### YOUR TASK
Print the lines in the listing below starting at the line with "99分钟定时烹饪,焖煮自在,告别时间枷锁" and ending at the line with "Si eres amante", both included. Reproduce them exactly and omit every picture.

### SUPPLIED MATERIAL
::::

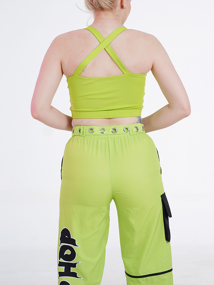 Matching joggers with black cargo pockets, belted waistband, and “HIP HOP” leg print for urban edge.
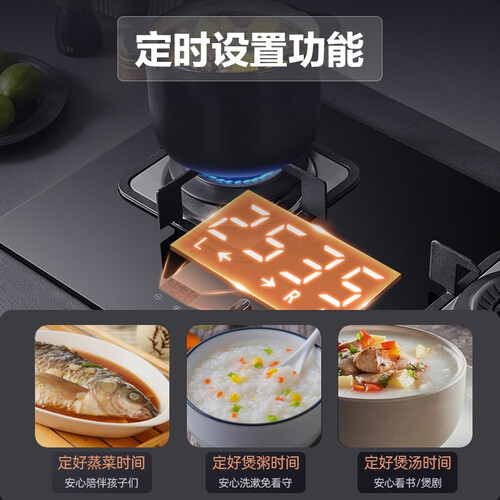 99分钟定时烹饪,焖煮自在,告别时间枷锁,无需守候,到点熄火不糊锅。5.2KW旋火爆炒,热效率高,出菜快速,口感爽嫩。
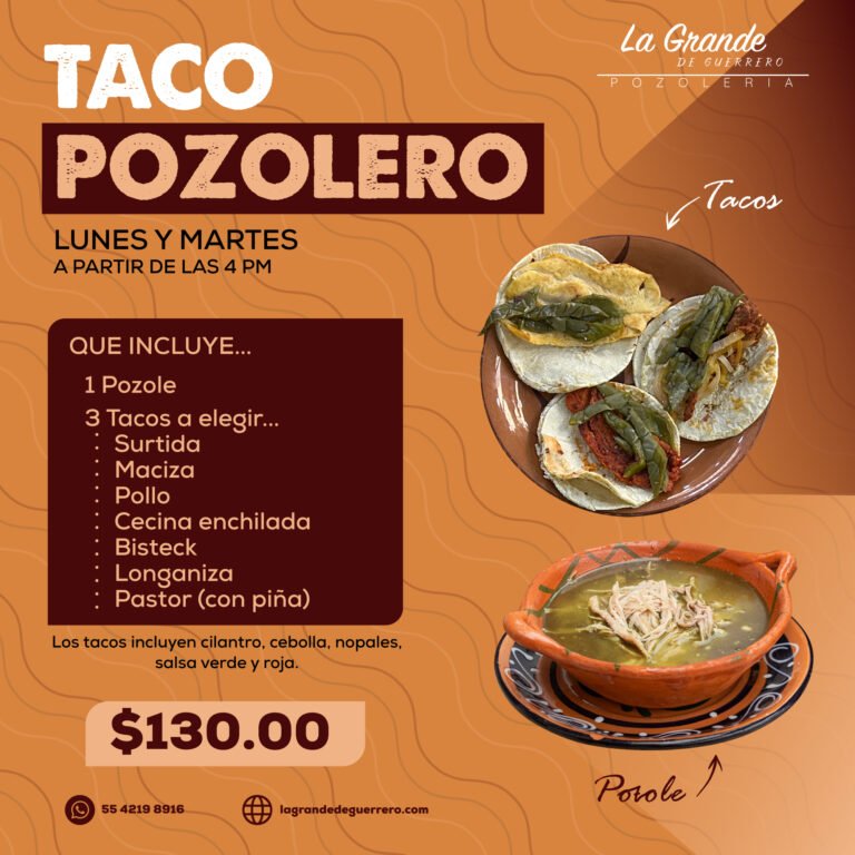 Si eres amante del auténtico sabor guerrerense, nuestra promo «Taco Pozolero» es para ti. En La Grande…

::::

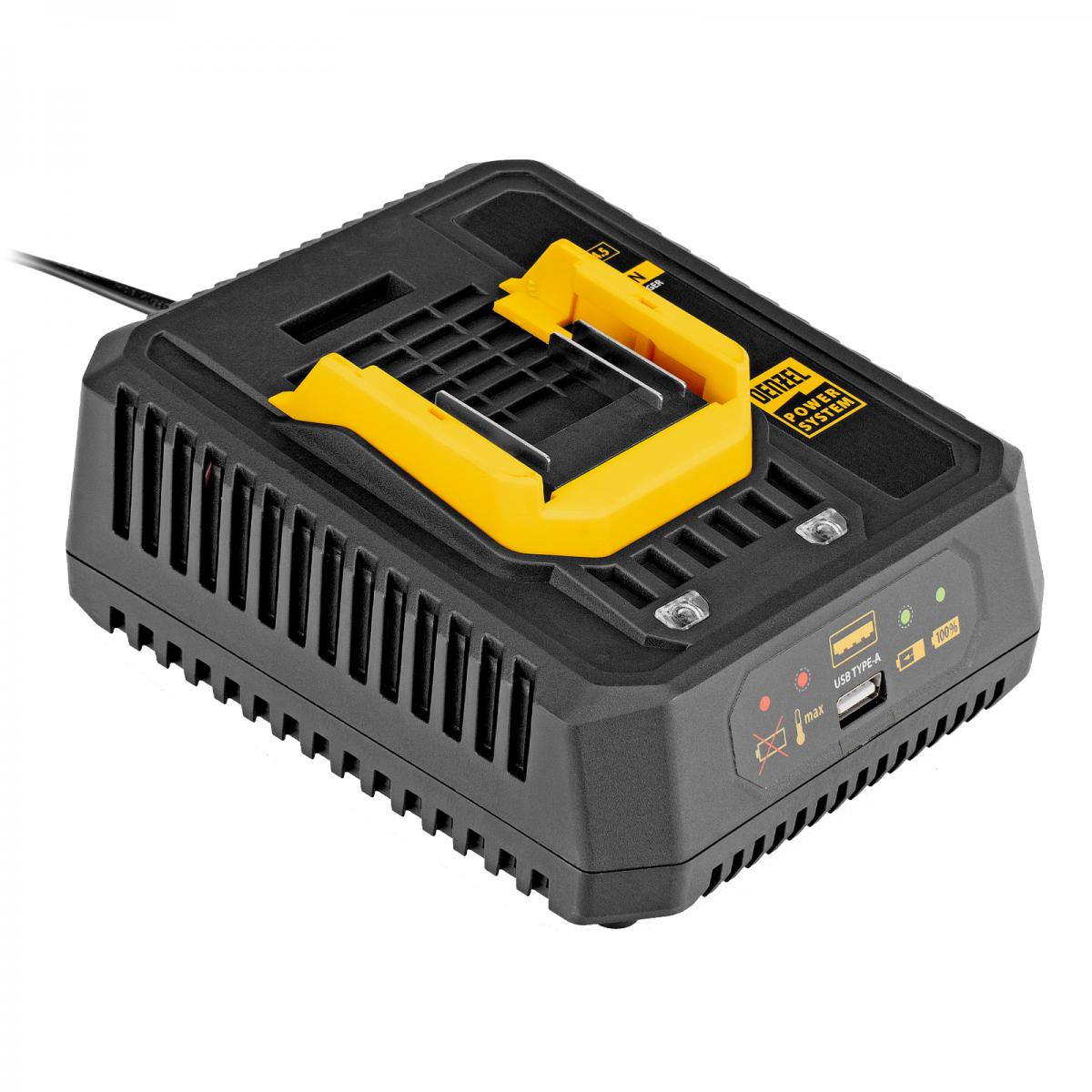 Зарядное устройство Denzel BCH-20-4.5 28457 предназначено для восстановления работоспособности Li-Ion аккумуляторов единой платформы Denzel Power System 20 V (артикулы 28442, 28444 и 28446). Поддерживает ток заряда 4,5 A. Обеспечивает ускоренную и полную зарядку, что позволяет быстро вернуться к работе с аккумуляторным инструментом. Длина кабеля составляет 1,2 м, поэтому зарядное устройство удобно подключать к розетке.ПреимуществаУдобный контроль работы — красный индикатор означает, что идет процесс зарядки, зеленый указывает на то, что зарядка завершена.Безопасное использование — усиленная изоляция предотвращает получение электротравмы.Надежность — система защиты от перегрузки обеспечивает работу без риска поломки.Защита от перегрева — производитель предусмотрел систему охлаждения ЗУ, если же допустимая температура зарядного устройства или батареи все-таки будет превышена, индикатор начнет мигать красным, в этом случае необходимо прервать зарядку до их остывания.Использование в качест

::::

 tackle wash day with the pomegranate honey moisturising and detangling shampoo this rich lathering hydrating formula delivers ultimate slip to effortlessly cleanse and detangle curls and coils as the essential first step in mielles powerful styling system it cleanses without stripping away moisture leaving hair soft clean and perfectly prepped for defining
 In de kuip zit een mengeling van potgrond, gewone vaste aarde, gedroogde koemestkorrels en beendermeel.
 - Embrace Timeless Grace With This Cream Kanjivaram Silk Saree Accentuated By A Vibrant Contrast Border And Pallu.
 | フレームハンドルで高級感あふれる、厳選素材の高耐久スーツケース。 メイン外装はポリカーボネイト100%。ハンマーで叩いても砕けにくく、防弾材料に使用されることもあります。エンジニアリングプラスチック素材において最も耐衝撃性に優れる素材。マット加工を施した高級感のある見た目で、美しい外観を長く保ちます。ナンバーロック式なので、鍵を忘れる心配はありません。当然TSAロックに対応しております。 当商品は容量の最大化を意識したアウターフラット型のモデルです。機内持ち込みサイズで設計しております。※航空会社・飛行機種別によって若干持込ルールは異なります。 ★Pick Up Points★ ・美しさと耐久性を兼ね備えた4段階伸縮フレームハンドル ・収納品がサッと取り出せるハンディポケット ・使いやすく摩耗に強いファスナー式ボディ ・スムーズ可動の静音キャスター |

::::

### COMPLETED TASK
 99分钟定时烹饪,焖煮自在,告别时间枷锁,无需守候,到点熄火不糊锅。5.2KW旋火爆炒,热效率高,出菜快速,口感爽嫩。
 Si eres amante del auténtico sabor guerrerense, nuestra promo «Taco Pozolero» es para ti. En La Grande…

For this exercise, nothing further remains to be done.